Monday, April 1, 2013

Amaneusis Monday: '...tell him he has an uncle on a little island...'

When we think about family members emigrating from their homeland, perhaps never again to set eyes on the parents, siblings, and friends they leave behind, we might often find ourselves focussing solely on the emigrants. We wonder how they were feeling about leaving home for a new world; however, what about the feelings of those who were left behind?

Recently I came across an extraordinary letter which I had never before seen. The letter was in the very bottom of a box of negatives, tucked away within a larger box of photographs. It was written to my mother by her youngest brother, just two hours after he last spoke with her on the day she and my brother emigrated from Ireland to join my father in Canada.

Written by a young man who was barely twenty years old to a sister five years his senior, it is the poignant and sometimes funny prose of a brother who did not know if he would ever again see his sister Mary and his nephew Michael, whom he calls 'Junior' in the letter. It bears all of the words and the feelings that he was perhaps unable to express to her in person.

Dear Mary,

                 This letter will, I expect, arrive just before you do 'Please God', and I hope it finds you well after the journey.

                 The real reason why I am writing, only two hours ago I spoke to you, and I feel terrible guilty for not going as far as 'Liverpool'. I want to say sorry; I could have at least made a better effort to go. I don't want you to understand; 
I should have made a more sincere try at it, only now I realize my mistake.

                 You once said, "Paddy is my favourite brother", and now I want you to know you are and always will be my favourite sister. Let's you and me keep that a little secret.

                 Well Mary, 'Please God' your new surroundings will make you and Michael forever happy. You will I know settle down quickly and use the dollars Canadian style.

                 I hope Junior was okay on the trip, and didn't try to throw the captain into the ocean. Or did you feel that way inclined? When Junior grows up 'Please God' tell him he has an uncle on a little island who one day hopes to see him with his Mum and Dad, brothers and sisters, etc, etc. No limit nowadays , especially with that Canadian Climate. It works wonders. Who knows maybe the 'Irish Climate' will play a few tricks on me...

                 Well Mary I could write a longer letter but perhaps some other time. If you ever have time to kill drop me a line, even if it takes you all of your life to do so. I think my address will always at least be "Ireland".

Lots of Love to Michael and Junior.

                                   Take care Mary and God Bless.

                                   Your Loving Brother,




  1. What a sweet and tender letter, though sad to see him reflect on "Paddy is my favourite brother." Hopefully, he had many chances to see his "favourite" sister again...

    1. Hi Jacqi,

      As always, thank you for your comments.

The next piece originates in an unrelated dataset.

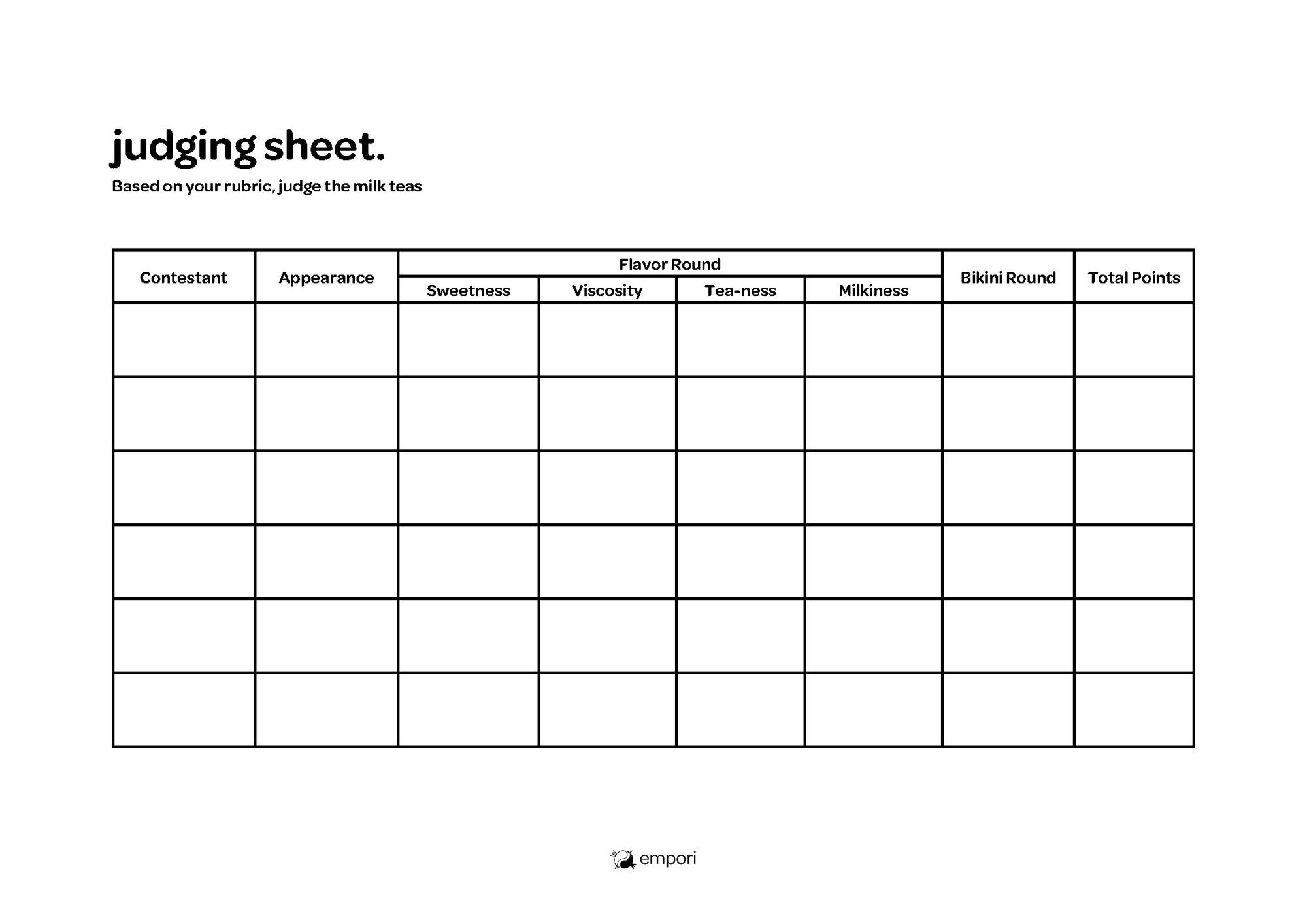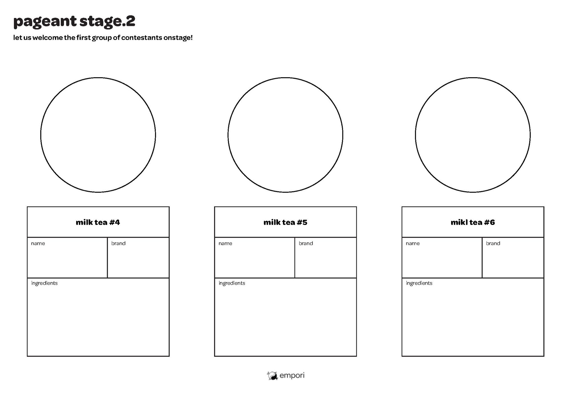 Fill up the Pageant Stage sheet and place the milk teas in the corresponding circles.

It is sad to see such a reflection, although Paddy was the favourite of all of the siblings. He was quite a bit older, and took great care of the younger children. As well, the sense that John did not want to be forgotten seems evident in the letter. This probably speaks to the fact that my mother's youngest brother was raised away from his siblings after their mother died. He was raised by my grandfather's brother and his wife, and so apparently never felt truly part of his family of origin. Although it took more than ten years for my family to return to Ireland, John did have many chances to visit with my mom (and with us) and they remained very close until my mom's death. As well they corresponded with one another on a regular basis.


  2. A letter full of pathos and the realisation that life had truly changed permanently. It was such a sweet letter and no wonder your mother treasured it...perhaps she even felt a little guilty for favouring Paddy even though he was something of a father-figure for them. I was pleased to read that they kept up their correspondence and were able to visit back and forth to that little island of Ireland.

    1. Thanks for your comments Pauleen! They are always much appreciated. So true, as you say, the letter conveys the fact that life was forever changed. One of the phrases which particularly strikes me is, "...only now I realize my error". It must have felt awful to come to such a realisation when in that moment he could do nothing about it. I am thankful that they were able to bridge the miles.